WORK INSTRUCTION: Beneath this task are records; print exactly the stretch of them from the line with "Atrifort Geoffrey Harcourt" through the line with "King side platform", both ends included.

(SOURCE RECORDS)

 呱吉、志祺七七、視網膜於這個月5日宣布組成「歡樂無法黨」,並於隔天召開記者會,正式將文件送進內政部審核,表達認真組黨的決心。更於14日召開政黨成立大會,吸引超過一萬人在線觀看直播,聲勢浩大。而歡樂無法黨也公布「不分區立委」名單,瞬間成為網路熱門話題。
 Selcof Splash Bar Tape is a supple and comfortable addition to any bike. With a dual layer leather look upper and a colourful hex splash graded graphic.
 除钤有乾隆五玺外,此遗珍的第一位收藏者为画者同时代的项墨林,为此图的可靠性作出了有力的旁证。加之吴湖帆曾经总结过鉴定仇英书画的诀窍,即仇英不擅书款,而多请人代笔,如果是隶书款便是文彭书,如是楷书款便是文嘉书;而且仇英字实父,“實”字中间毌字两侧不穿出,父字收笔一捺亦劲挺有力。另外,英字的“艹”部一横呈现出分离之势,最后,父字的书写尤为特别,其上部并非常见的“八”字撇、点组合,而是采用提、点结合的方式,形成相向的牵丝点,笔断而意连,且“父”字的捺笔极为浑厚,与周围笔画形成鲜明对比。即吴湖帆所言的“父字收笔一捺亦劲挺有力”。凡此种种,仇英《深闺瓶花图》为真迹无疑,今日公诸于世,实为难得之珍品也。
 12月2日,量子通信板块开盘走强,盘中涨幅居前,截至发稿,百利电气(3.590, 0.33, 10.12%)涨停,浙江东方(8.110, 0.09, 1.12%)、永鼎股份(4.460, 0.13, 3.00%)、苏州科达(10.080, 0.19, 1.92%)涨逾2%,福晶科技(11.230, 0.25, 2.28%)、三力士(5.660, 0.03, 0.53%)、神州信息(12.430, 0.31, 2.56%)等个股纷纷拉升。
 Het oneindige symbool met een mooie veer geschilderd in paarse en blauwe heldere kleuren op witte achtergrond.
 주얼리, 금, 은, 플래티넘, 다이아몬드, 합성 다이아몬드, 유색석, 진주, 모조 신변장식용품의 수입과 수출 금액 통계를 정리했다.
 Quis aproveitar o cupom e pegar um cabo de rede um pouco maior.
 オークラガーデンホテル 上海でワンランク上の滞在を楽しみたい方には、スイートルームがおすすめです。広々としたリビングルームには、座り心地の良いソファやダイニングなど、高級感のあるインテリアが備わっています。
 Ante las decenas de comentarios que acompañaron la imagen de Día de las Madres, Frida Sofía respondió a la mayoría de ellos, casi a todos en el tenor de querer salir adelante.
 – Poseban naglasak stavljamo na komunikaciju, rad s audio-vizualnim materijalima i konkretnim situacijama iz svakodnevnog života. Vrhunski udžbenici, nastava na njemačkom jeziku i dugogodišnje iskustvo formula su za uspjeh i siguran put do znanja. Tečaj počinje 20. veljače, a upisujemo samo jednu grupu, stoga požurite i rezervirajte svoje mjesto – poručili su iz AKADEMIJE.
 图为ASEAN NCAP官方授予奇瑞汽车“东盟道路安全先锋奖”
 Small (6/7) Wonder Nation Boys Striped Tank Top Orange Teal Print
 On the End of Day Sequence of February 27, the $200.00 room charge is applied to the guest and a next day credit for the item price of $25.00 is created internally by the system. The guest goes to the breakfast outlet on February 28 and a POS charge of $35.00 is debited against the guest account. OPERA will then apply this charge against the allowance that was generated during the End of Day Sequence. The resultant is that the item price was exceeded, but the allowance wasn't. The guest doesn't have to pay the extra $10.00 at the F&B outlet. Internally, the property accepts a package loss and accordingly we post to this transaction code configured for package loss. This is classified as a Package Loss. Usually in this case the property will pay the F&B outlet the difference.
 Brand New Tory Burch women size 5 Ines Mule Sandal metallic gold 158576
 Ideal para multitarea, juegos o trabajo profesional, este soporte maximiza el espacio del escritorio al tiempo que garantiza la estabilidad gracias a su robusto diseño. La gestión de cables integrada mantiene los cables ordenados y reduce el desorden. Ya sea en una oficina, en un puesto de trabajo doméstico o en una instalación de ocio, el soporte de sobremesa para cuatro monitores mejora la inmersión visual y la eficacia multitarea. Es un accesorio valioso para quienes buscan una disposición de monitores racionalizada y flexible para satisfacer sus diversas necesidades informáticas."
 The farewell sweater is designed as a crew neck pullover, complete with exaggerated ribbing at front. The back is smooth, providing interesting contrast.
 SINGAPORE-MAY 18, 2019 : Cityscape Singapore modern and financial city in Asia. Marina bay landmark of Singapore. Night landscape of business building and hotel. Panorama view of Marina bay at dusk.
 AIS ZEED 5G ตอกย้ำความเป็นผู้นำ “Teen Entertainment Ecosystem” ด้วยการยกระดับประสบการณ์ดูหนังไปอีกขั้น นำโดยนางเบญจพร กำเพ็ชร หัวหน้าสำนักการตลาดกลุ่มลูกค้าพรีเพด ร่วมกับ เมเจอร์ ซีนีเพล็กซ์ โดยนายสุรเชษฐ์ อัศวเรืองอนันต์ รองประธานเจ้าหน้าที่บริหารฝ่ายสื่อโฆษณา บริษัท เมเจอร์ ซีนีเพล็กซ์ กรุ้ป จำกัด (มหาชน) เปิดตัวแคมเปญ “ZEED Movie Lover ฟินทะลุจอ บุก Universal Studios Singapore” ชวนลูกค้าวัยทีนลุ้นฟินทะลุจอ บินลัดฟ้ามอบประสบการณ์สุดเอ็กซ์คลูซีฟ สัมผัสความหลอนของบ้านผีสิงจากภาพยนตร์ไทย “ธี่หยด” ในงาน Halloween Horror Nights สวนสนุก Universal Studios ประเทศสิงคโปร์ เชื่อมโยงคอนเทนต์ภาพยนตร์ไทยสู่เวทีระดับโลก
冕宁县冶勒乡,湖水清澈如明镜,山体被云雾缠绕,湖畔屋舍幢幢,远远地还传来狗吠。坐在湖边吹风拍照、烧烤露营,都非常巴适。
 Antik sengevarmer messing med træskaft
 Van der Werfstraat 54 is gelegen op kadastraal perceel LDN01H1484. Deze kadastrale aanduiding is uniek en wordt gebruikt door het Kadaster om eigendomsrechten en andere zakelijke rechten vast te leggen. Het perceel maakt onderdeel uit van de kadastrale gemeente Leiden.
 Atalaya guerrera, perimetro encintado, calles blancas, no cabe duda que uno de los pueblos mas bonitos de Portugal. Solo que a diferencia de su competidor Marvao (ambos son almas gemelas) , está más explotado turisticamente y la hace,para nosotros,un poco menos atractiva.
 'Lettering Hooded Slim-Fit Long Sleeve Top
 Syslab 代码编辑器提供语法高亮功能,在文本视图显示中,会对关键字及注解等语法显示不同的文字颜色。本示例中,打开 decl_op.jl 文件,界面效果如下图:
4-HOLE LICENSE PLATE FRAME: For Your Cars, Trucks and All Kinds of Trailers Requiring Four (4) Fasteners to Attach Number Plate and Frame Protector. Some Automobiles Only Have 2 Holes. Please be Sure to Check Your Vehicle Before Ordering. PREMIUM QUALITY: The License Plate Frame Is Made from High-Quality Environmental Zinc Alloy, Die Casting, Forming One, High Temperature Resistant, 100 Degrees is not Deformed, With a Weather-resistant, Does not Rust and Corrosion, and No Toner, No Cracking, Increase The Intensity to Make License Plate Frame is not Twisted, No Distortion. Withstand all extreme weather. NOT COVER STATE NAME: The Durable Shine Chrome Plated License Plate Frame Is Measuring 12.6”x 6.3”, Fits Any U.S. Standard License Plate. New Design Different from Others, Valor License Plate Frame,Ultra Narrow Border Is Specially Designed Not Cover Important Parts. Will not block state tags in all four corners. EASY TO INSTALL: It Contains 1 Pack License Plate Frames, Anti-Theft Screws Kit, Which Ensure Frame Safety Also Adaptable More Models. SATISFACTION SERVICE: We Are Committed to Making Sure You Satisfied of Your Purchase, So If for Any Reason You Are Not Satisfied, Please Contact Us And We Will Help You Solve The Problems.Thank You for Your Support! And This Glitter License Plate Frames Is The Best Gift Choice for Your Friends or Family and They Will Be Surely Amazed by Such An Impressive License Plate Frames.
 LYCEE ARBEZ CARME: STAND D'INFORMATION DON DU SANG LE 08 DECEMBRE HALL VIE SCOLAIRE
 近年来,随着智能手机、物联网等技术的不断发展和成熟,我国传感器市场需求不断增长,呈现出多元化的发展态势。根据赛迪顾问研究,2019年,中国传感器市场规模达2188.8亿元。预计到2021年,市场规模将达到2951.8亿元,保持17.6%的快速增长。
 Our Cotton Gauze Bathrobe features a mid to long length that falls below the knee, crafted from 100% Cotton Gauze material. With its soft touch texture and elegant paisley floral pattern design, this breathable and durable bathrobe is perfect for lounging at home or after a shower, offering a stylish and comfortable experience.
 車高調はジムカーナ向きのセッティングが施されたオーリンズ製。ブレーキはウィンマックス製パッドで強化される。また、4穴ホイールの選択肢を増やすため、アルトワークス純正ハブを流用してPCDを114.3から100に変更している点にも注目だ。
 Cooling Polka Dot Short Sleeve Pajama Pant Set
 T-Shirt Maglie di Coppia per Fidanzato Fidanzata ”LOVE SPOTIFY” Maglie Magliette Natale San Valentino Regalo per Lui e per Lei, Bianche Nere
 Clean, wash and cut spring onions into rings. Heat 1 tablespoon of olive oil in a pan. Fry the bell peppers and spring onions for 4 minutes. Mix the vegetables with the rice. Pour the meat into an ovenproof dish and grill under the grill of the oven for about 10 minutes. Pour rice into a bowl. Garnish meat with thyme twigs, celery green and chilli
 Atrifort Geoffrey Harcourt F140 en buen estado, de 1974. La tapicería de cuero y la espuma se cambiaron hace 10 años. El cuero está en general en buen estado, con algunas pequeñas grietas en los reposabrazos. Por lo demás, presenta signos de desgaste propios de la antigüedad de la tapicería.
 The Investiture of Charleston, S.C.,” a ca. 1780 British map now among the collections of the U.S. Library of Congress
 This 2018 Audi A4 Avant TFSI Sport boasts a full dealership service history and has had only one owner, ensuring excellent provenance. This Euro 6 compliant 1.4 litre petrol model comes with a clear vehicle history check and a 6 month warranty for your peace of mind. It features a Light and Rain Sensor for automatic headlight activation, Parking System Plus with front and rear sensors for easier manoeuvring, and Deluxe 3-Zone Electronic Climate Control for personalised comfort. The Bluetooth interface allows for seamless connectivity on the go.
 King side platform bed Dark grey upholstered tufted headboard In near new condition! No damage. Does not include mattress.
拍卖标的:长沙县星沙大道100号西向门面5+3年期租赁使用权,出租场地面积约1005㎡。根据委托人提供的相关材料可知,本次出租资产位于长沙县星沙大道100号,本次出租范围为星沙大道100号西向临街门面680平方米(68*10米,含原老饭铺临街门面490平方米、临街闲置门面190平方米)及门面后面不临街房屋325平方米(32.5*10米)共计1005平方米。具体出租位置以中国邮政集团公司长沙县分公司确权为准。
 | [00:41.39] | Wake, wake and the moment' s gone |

(End SOURCE RECORDS)

RESPONSE:
 Atrifort Geoffrey Harcourt F140 en buen estado, de 1974. La tapicería de cuero y la espuma se cambiaron hace 10 años. El cuero está en general en buen estado, con algunas pequeñas grietas en los reposabrazos. Por lo demás, presenta signos de desgaste propios de la antigüedad de la tapicería.
 The Investiture of Charleston, S.C.,” a ca. 1780 British map now among the collections of the U.S. Library of Congress
 This 2018 Audi A4 Avant TFSI Sport boasts a full dealership service history and has had only one owner, ensuring excellent provenance. This Euro 6 compliant 1.4 litre petrol model comes with a clear vehicle history check and a 6 month warranty for your peace of mind. It features a Light and Rain Sensor for automatic headlight activation, Parking System Plus with front and rear sensors for easier manoeuvring, and Deluxe 3-Zone Electronic Climate Control for personalised comfort. The Bluetooth interface allows for seamless connectivity on the go.
 King side platform bed Dark grey upholstered tufted headboard In near new condition! No damage. Does not include mattress.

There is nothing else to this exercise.